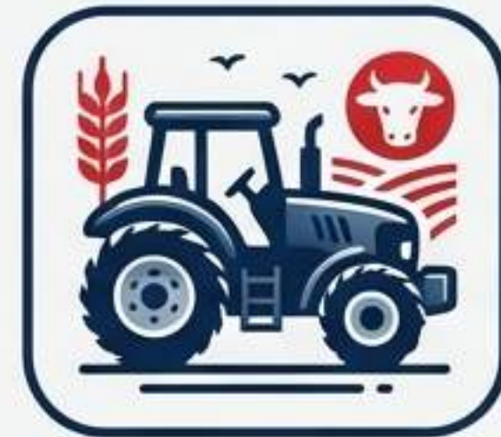
قصابان صنعتی و مدیران باغبانی/کشاورزی
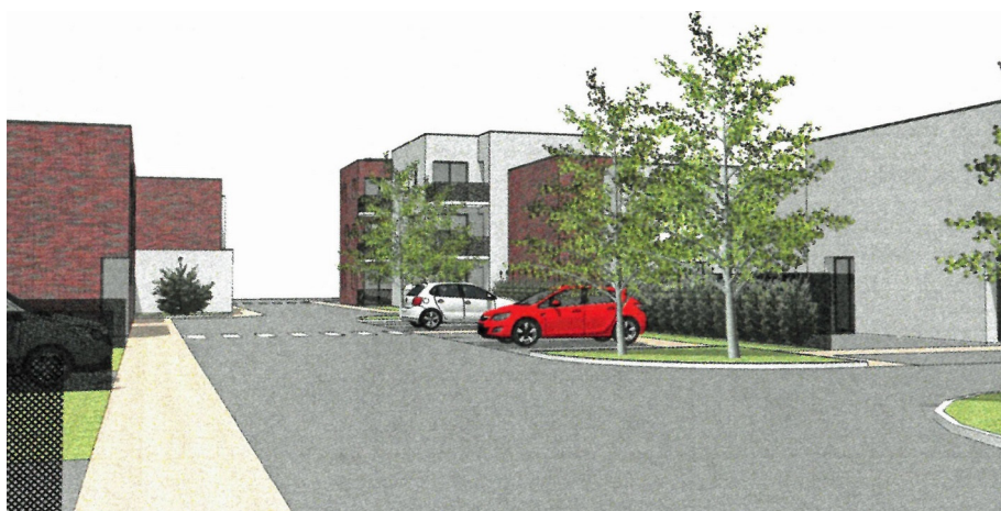
Vue de la voirie depuis la parcelle construite
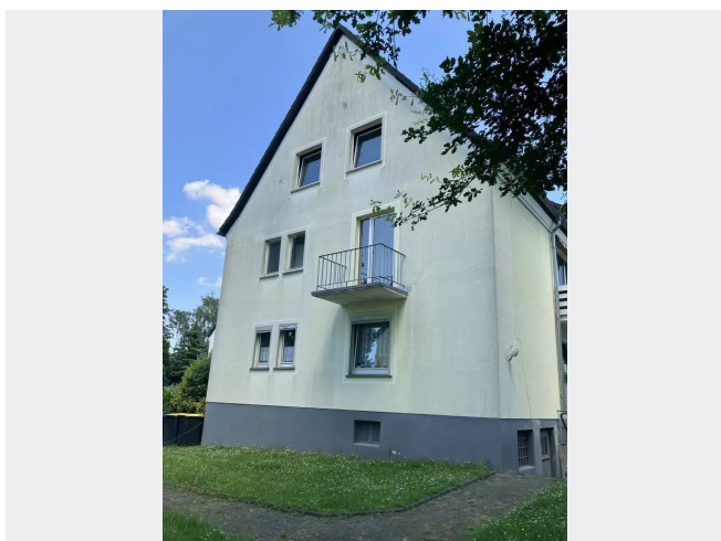
Hugelstr 16 Giebel
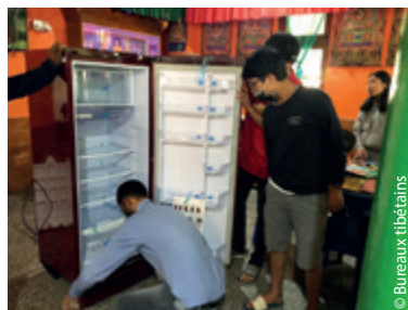
Trop beau, le nouveau frigo !!!!
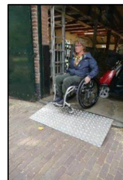
Diverse opnamen van de hier besproken metalen oprit bij de voordeur

Toch had een van de TestTeamleden nog een advies betreffende het op z'n plek blijven liggen van de metalen plaat.
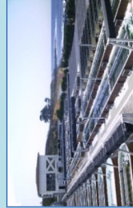
魚類・貝類種苗生産施設
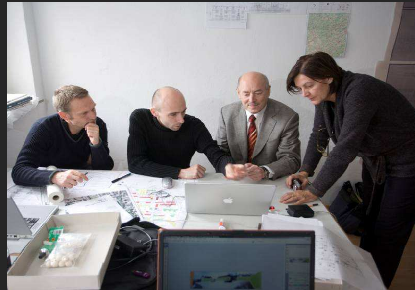
Während des Planungsprozesses
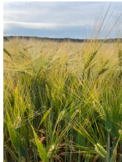
Fot.: Jęczmień ozimy Esprit
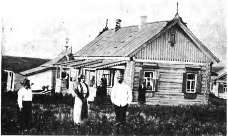
Рис. 13. Домъ съ 6 отдѣльными комнатами.

Обстановка. Кровати деревянные, желѣзныя и желѣзныя съ сѣтками. Матрацы или изъ морской травы, или
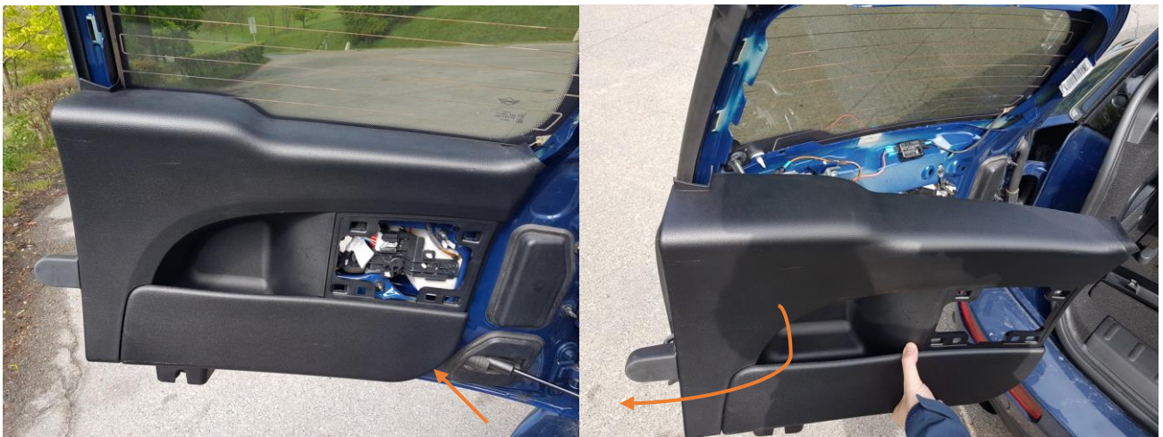
Abbildung 4 - untere Verkleidung entfernen

Bei der unteren Verkleidung nimmt man die Abdeckung für die Lampen ab und setzt an der unteren Ecke, wo die Gasdruckfeder die Türe aufdrückt, mit einem Keil an um die Verkleidung auszuhebeln. Es gibt keine Schrauben, aber ein paar Klips. Wenn man nicht brutal anreißt, kann man auch hier nichts falsch machen.
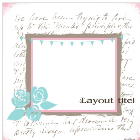
Skitse til Layoutopgave 1
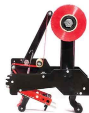
هد چسب زن
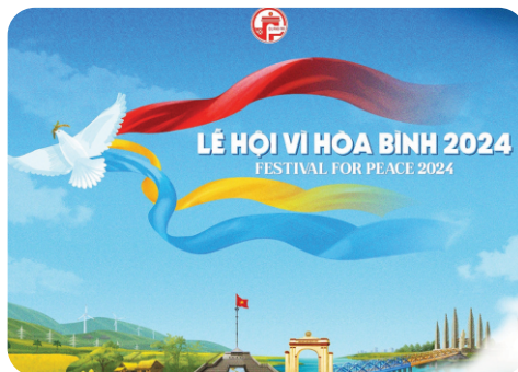
Bộ nhận diện Lễ hội Vì Hòa Bình 2024.
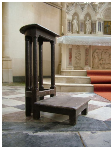
Tabouret de chantre, chêne, 19e siècle. IVR22_20108001719NUCA
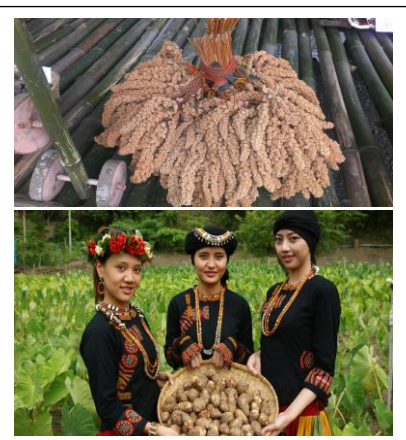
圖 3. 小米/山芋田
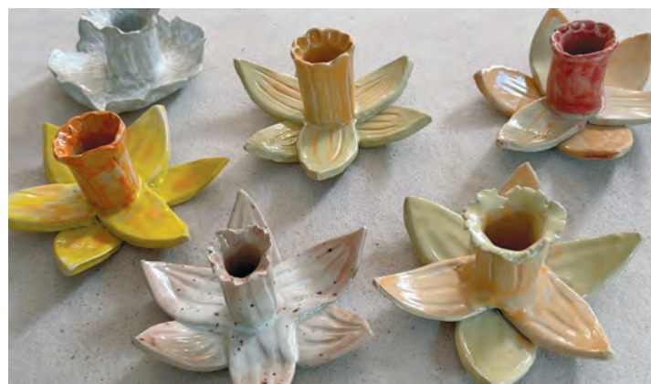
Väikeste keraamikute näitus Kiisa raamatukogus ja näited Sakus valminud töödest
════════════════
== YOUR ASSIGNMENT ==
In the listing above, find the line with "Vue de la voirie" and the line with "Abbildung 4 - untere Verkleidung entfernen". Copy exactly those two and every line between, without the pictures.

== TASK OUTPUT ==
Vue de la voirie depuis la parcelle construite
Hugelstr 16 Giebel
Trop beau, le nouveau frigo !!!!
Diverse opnamen van de hier besproken metalen oprit bij de voordeur

Toch had een van de TestTeamleden nog een advies betreffende het op z'n plek blijven liggen van de metalen plaat.
魚類・貝類種苗生産施設
Während des Planungsprozesses
Fot.: Jęczmień ozimy Esprit
Рис. 13. Домъ съ 6 отдѣльными комнатами.

Обстановка. Кровати деревянные, желѣзныя и желѣзныя съ сѣтками. Матрацы или изъ морской травы, или
Abbildung 4 - untere Verkleidung entfernen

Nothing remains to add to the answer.